I couldn’t call my Dad and my Mom was dead. My ex boyfriend was on tour. I sat crouched in an airless, dark cell with underage black prostitutes; one rested her head on my lap. I closed my eyes, hoping this was a bad dream but the pepper spray lesbians were real. We covered our eyes and coughed, put our heads between our knees.  They glared at us and kissed. That was the best part of the night. The rest was panic, terror and pissing in public.

In my cell, someone had scratched “I love you Mom” into the wall with her acrylic nails.  I stared at it for hours with my leather jacket as my blanket that smelled like vanilla sweat. The girl underneath me, a skinny black tattooed hooker was called to court. But not me. “I guess you’re staying the weekend,” she said. My breaths were shallow and hot.

I rang the buzzer and yelled, “Let me out of here!”

“Negative,” a woman’s voice said. 

Hours later, my friend Laura showed up to visit me. She placed her hands on the glass. “You don’t belong here,” she said. “I’ll get you out.” I put my hands up and surrendered, touched my hands on hers on the glass partition. 

Much later, I was released OR, because I’d never been arrested before. 

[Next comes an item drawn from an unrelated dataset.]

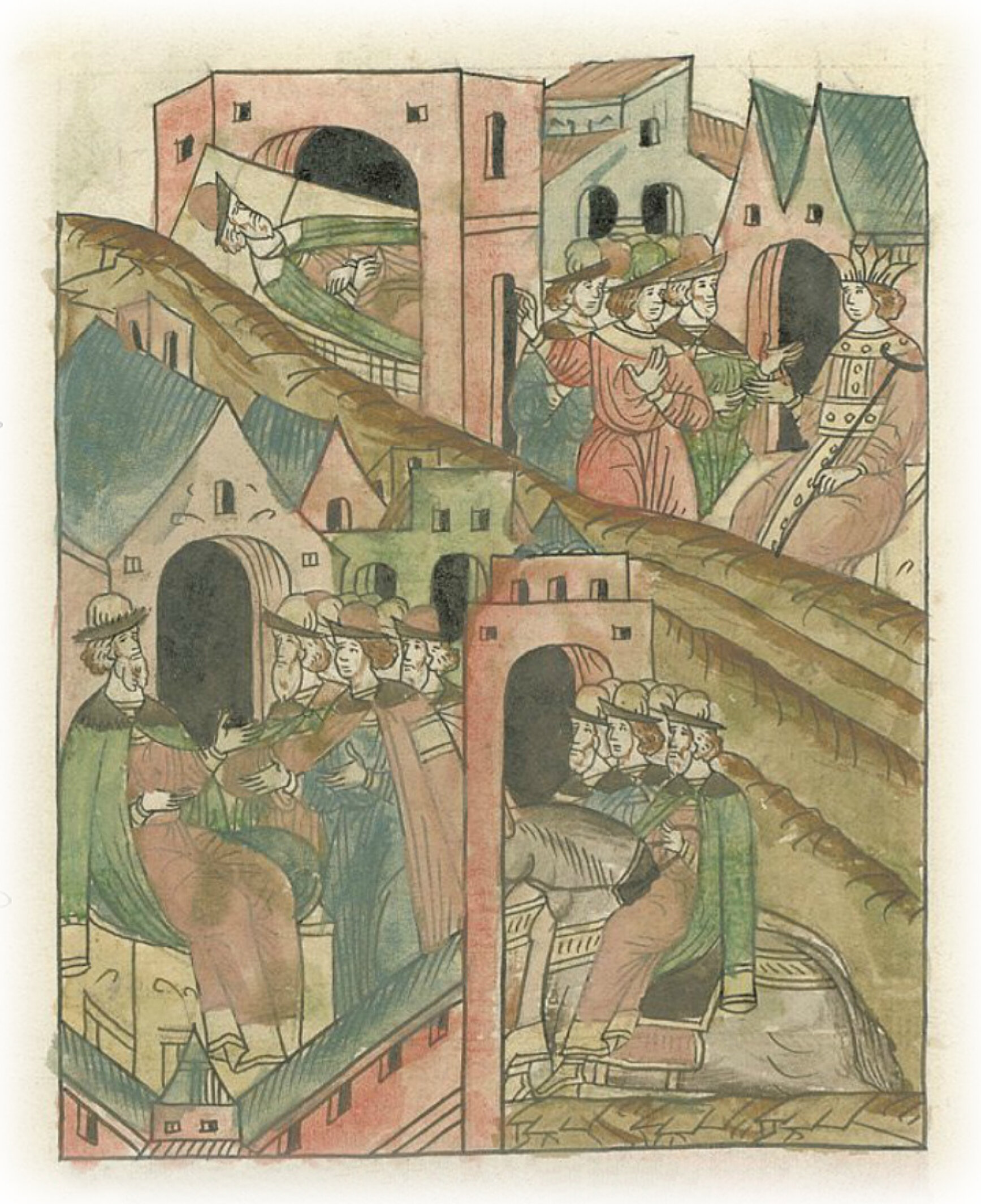 Ругодивские посадники Яким и Захар приезжают в Москву. Воеводы царя Ивана Васильевича Алексей Адашев и Иван Михайлов сообщают им, что государь пожалует их, если сдадут его воеводам помимо Ругодива Вышгород.

After my arrest, I jumped when I heard footsteps behind me and cringed when someone touched me. I Recoiled when friends hugged me. Some of them cried when I told them what happened, but I couldn’t cry.  I went to Annie Sprinkle’s wedding and borrowed money to pay my rent. My Dad was in the hospital and I drove around in my car in circles, not knowing what to do or where to go, so I parked in Gold’s Gym parking lot, the same parking lot I sat in for hours when I broke up with my boyfriend, the same parking lot I parked in when I got the call about my new job at the law firm.

 I fled to New Orleans each month: my safe haven, stripper nest and I kept writing my book.

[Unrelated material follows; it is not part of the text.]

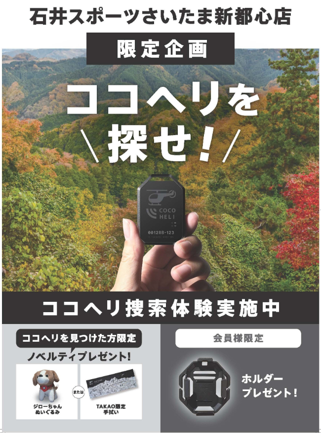 ココヘリ探索体験にご参加いただき、ココヘリを見つけたお客様限定で、ノベルティをプレゼントいたします。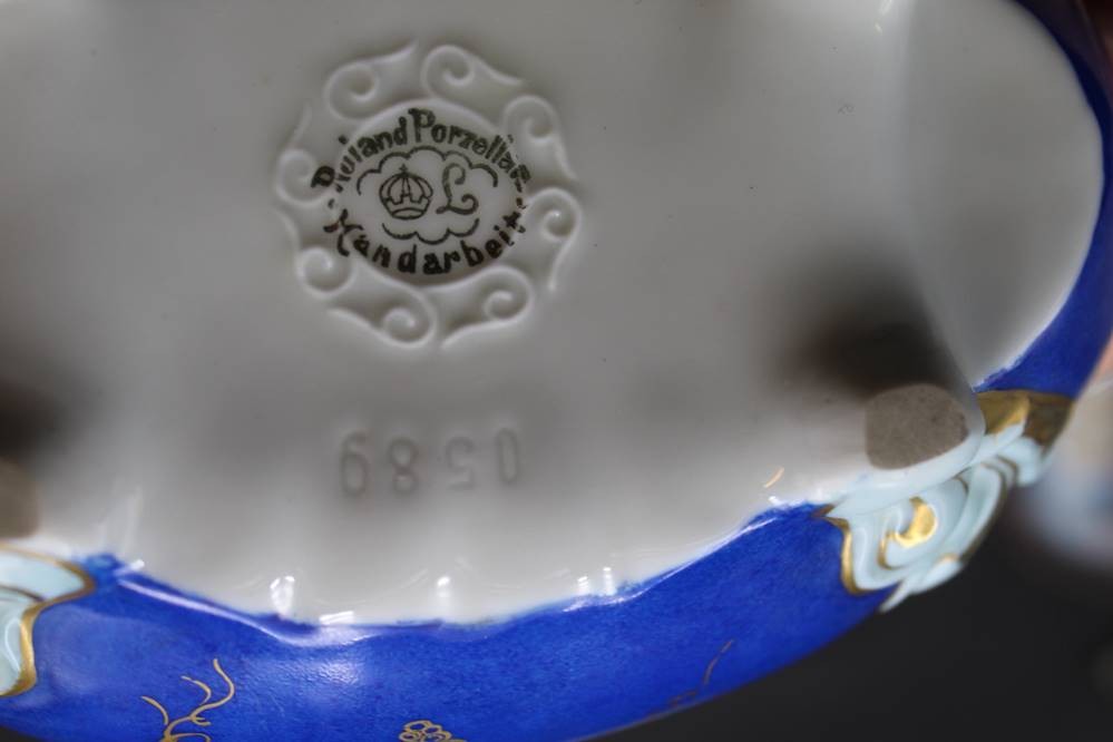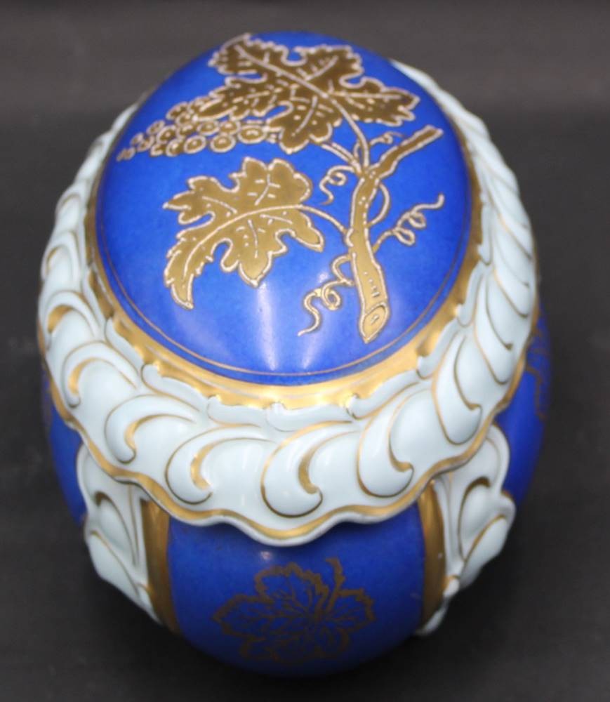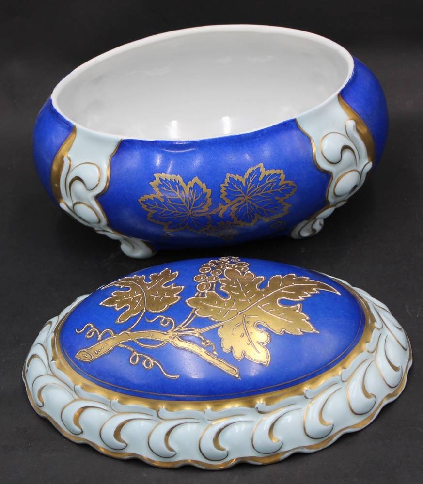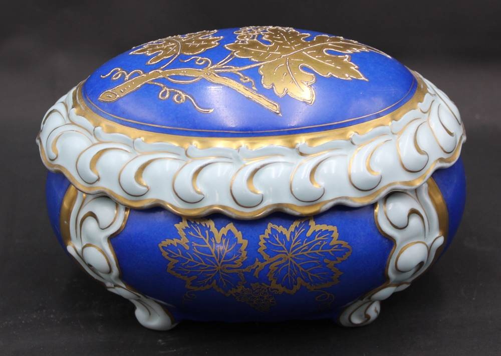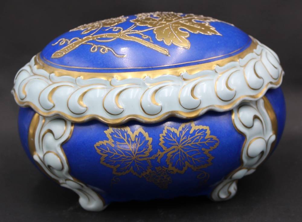 gr. Art Deco Bonbonniere Roland Porzellan Handarbeit, Goldstaffage auf blauen Fond, H-13 cm, L-20 cm [1]

Which brings me to sacred ground, the road trip to Ojai for the all women’s sweat. The thing is, I don’t sweat unless I’m close to a cardiac arrest. I despise Bikram. My body hoards heat and doesn’t give it up. Ceremonies were never my thing either. I’m from the tip of Northern California and we have tons of Native American tribes: Yurok and Hoopa. I’ve got a tad of Algonquin blood, but I’ve never held a medicine stick or blessed a rock. Never prayed on the ground with a shaman. 

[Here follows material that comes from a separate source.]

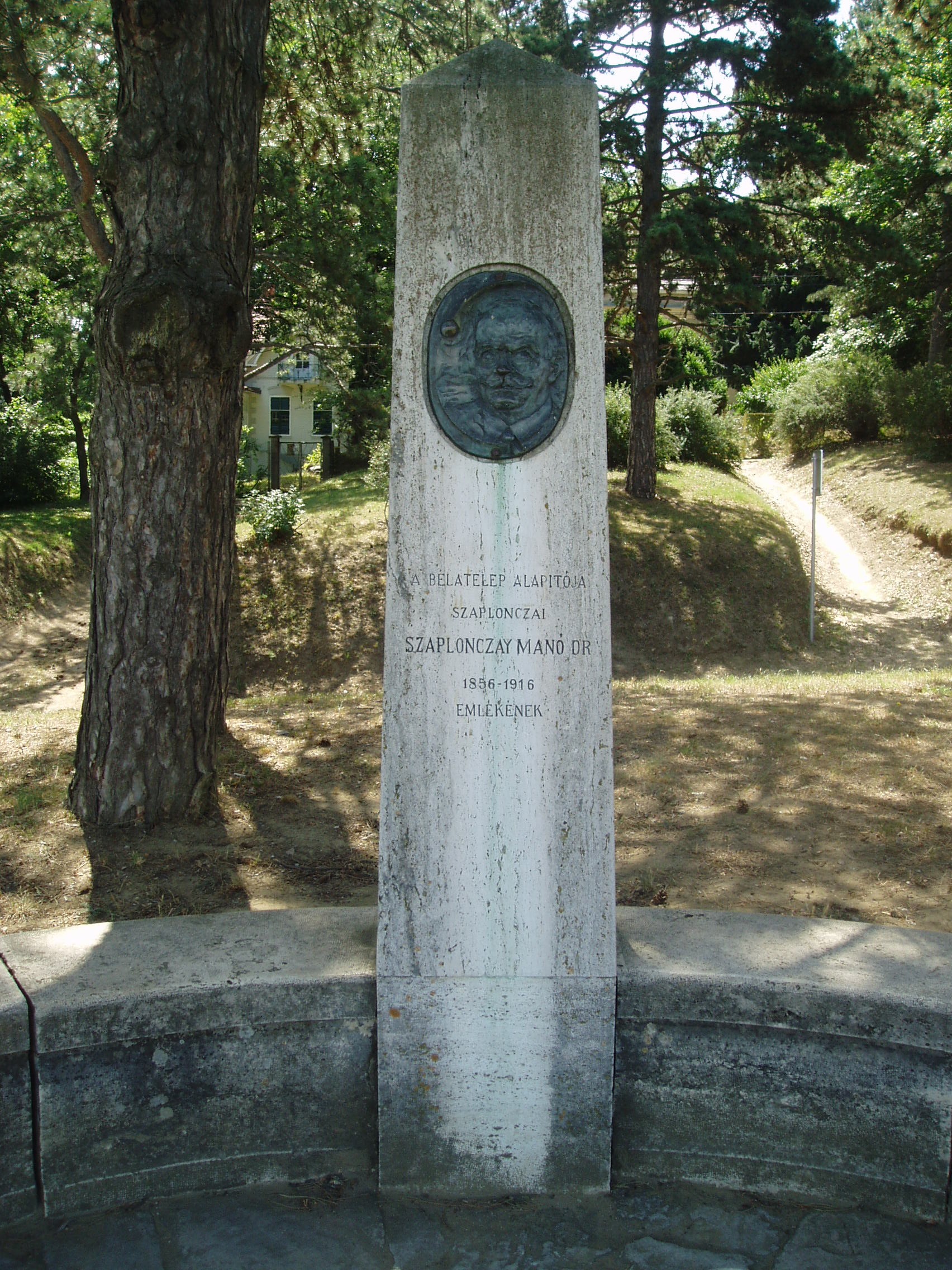Nyilvános 1013 | 2265 | Fonyód, Márffy tér: Szaplonczay Manó emlékoszlopa | A híres Bartók Béla úti fonyód-bélatelepi villasorral átellenben, a sétányon haladva Szaplonczay Manó (1856-1916) emlékoszlopa látható, amelyet Bélatelep alapítója előtt tisztelegve 1934-ben emeltek. Az emlékoszlophoz, amelyet félkörben kőpad vesz körül, öt lépcső vezet. Az emlékművet Gerlóczy Gedeon műépitész tervezte, a rajta elhelyezett bronz-dombormű Horvay János szobrászművész alkotása. Két oldalán gránittáblákat állított a Fonyód Városvédő és Szépítő Egyesület, illetve egy kopjafa is az ő emlékét idézi. Szaplonczay Manó Somogy vármegye tisztifőorvosa volt. Ő építtette a marcali kórházat. Tiszti főorvosként sokat foglalkozott a fertőző betegségekkel, igyekezett terjeszteni a védőoltásokat. Sikerrel küzdött a csecsemőhalandóság ellen is. A fonyódi Várhegyen ő alapította meg a gróf Zichy Béláról (lásd: Fonyód, Bartók u. 3.) elnevezett Bélatelepet, s ezzel sokat tett a Balaton idegenforgalmának megteremtéséért. 1894-ben Kaposváron ötven alapítóval létrehozta a Fonyódi Nyaralók Társaságát. Hatvan éves korában, 1916. szeptember 3-án hunyt el. Ahogy kívánta, az általa alapított Bélatelepen, Balatonra nézve temették el a Várhegyen. A fénykép 2007 júliusában készült. Felh. irod.: http://konyvtar.fonyod.hu/szapmano.htm Szerdán avatták fel Fonyódon a Szaplonczay-emlékművet. = Új Somogy. 1934. augusztus 17 www.somogyitemetkezes.hu/temetok.php?id=179 |

My running partner pulled up in front of my house with her three friends and a coconut kale smoothie. “Get in. “We’re late,” she said and handed me the green froth.

Blaire drove us to Ojai

 

 I threw my  towel, bathing suit and some snacks into the back of her Prius and squeezed in the back seat next to the beautiful girl with Angelina Jolie lips and a Mohawk.

 

Of course we giggled about boys and school and goals and our outfits, a carload of girls and the words “You’re ready for the sweat” in my ears. I clasped my hands in my lap for the drive. I pictured headdresses and smoke, a TP. Warrior women in feathers would tell me I’m too pale and too inexperienced. The shaman would tell me to get lost. I’d get my period on the way there and be banned from the land to the parking lot. But none of that happened. I’m not sure what did happen, but I burned the pain and loneliness of my clients for the last twenty years. I stood in Sage and let the smoke swirl onto the soles of my feet, my belly, my face, armpits and neck. I burned jealousy and rage and insecurity in sticks and put them into the firepit with the stones that I held to my heart and set into the fire. Tears streamed down my face when I heard the prayers from the women’s voices in the black smoke. I began to melt. 

Sacred Ground (not the coffee shop)

 

The mountain was quiet and sunny and calm. Squirrels ran along the branches of Eucalyptus trees and oaks. We sat on the ground in the dirt and listened to each other talk and pray. Owls hooted. I was soaking wet when I crawled out of the lodge on my knees, soaked with prayers.